This was all free information I found online in less than an hour, that gives me some great ideas for content, partnerships and potential tools to build into my site to be relevant and useful to my target audience. Of course this is just some quick loose data, so I'll emphasize again: be careful where your data comes from (try to validate when possible), and think about how to use your data wisely.
START CREATING RECOMMENDATIONS IN YOUR STRATEGY DOCUMENT
Each of these discoveries is potential content or strategy, and should be written up in your SEO Strategy document. Provide as much data and reasoning as possible for why you recommend this content.
See the screenshot below for some of the sections for specific recommendations that you can add which will provide the meat of the document. Keep in mind this is a very flexible document – add recommendations that make sense (for example you may not always have specific design considerations for a project). Remember, it will be different every time you do it.

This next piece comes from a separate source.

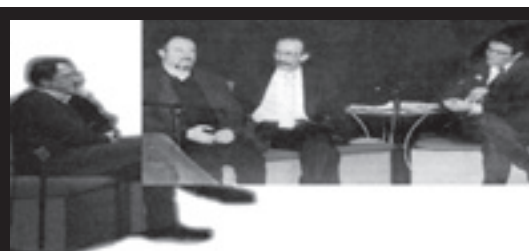
"La Sicilia" ipocrisia di un quotidiano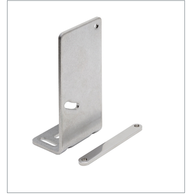
Laser displacement sensor ZP-XL1

For each piece of content you are recommending, try to provide:
- Backup Data: Provide information backing up why this content will appeal to your audience
- Specifics: Be as specific as you can with your recommendations. For example if you’re suggesting partnering with meal home delivery sites, find out which ones are going to provide the most relevant info, at what cost if possible, and what the ideal partnership would look like for content and SEO purposes. Even provide contact information if you can.
This doesn’t have to be completely formalized right now because we’ll be getting even more insights to layer on top of this from our keyword research and competitive research in later steps. But add as much information as possible for now – you can always add more, change it or even change your mind and get rid of it later. We will finalize recommendations in Step 5.